Aston Martin drivers Tony Brooks
Not a household name today, but Tony Brooks remains one of Aston Martin’s most accomplished drivers.
Name a British racing driver from the Fifties and the chances are you’ll answer Sir Stirling Moss. But there was another driver from the same period who was just as talented and who many consider to be the best of them all.
Born in Cheshire on 25 February 1932, Charles Anthony Brooks was the son of a dental surgeon and studied the practice himself at Manchester University Dental School. His real passion, though, was motor racing and in 1952 with the support from his father he started competing at club-level, driving the family’s Healey at Silverstone. His best finish being fifth in a five-lap race at Goodwood.
For the following year he swapped over to a faster Frazer Nash owned by a family friend and because he made a good impression over the next two seasons, was invited to drive the factory-entered Frazer Nash Sebring in the 1954 RAC Tourist Trophy at Dundrod, in Co Antrim.
Although Brooks didn’t finish, his potential was evident and only a few weeks later he was asked by Aston Martin’s team manager, John Wyer, to take part in a series of tests at an Oxfordshire airfield, leading the young driver to join the British team from 1955. Brooks made his Aston Martin debut at that year’s Le Mans 24 Hours race, co-driving with John Riseley-Prichard, an insurance broker. While following the Mercedes of Pierre Levegh that crashed into the crowd killing 81 spectators and the driver, Brooks had to brake hard before finding his way through the carnage. He retired after nine hours due to battery failure. Although he’d entered Formula One with BRM in 1956, Brooks stayed with Aston in sports car racing for the next three seasons.
Not always the most successful of partnerships due to the unreliability of the cars, one of Brooks’ greatest successes for the Feltham-based outfit was to win the 1957 Nürburgring 1,000km with Noel Cunningham-Reid in a DBR1. “The race attracted strong entries from both Ferrari and Maserati,” said Cunningham-Reid for Anthony Pritchard’s 2006 book, Aston Martin A Racing History, “but Tony staggered everyone, not just with his speed but the relaxed, comfortable way in which he lapped so fast.”

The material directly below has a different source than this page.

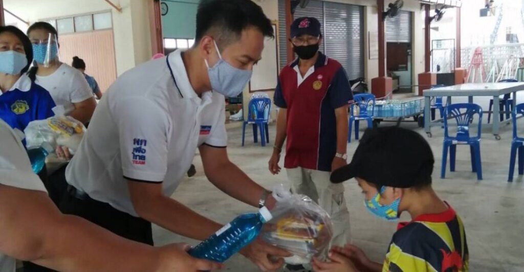 นายชัยยันต์ ผลสุวรรณ์ ส.ส.ปทุมธานี พรรคเพื่อไทย ลงพื้นที่แจกอาหาร ผลไม้ หน้ากากอนามัย และเจลแอลกอฮอล์ ชุมชนเคหะเอื้ออาทร

At Le Mans the same year, Brooks suffered from a terrible accident when the gearbox of his Aston became stuck in fourth and the car overturned onto a sandbank after he entered Tertre Rouge too quickly. “I was lucky in the Le Mans shunt in that I didn’t break anything,” he said years later, “but I did have very severe abrasions – there was a hole in the side of my thigh I could literally have put my fist into.”
Yet just three weeks later he was back in a Vanwall for the British Grand Prix at Aintree. Still suffering from his injuries, the fatigued Brooks handed teammate (Sir) Stirling Moss his car after his had retired. Moss would take the victory (which was jointly awarded to them both), the first time a Britishbuilt car had won a Formula One World Championship race.
Following Moss’s move to Aston Martin in 1957, the pair were teammates in sports car racing and together they won the 1958 RAC Tourist trophy at Goodwood in a DBR1/300 (pictured here with Brooks behind the wheel closely followed by Duncan Hamilton’s Jaguar D-type).
Signing for Ferrari in 1959 when he came close to winning the F1 Championship saw the end of Brooks’ association with Aston, but it was a short-lived transfer and he left the Italian team at the end of the season.
Although he continued in F1 – first with the Yeoman Credit Cooper team and then BRM – by now acutely aware of the sport’s dangers, he lost interest and retired at the end of the 1961 season into relative obscurity.
A man of quiet dignity, despite his six victories in the Formula One World Championship, Brooks never achieved the recognition of his more famous teammate, Sir Stirling Moss, passing away on 3 May 2022, with little acknowledgement or fanfare.
As Moss once said of his friend and former Aston Martin teammate, “Brooks was a tremendous driver, the greatest – if he’ll forgive me saying this – ‘unknown’ racing driver there’s ever been.”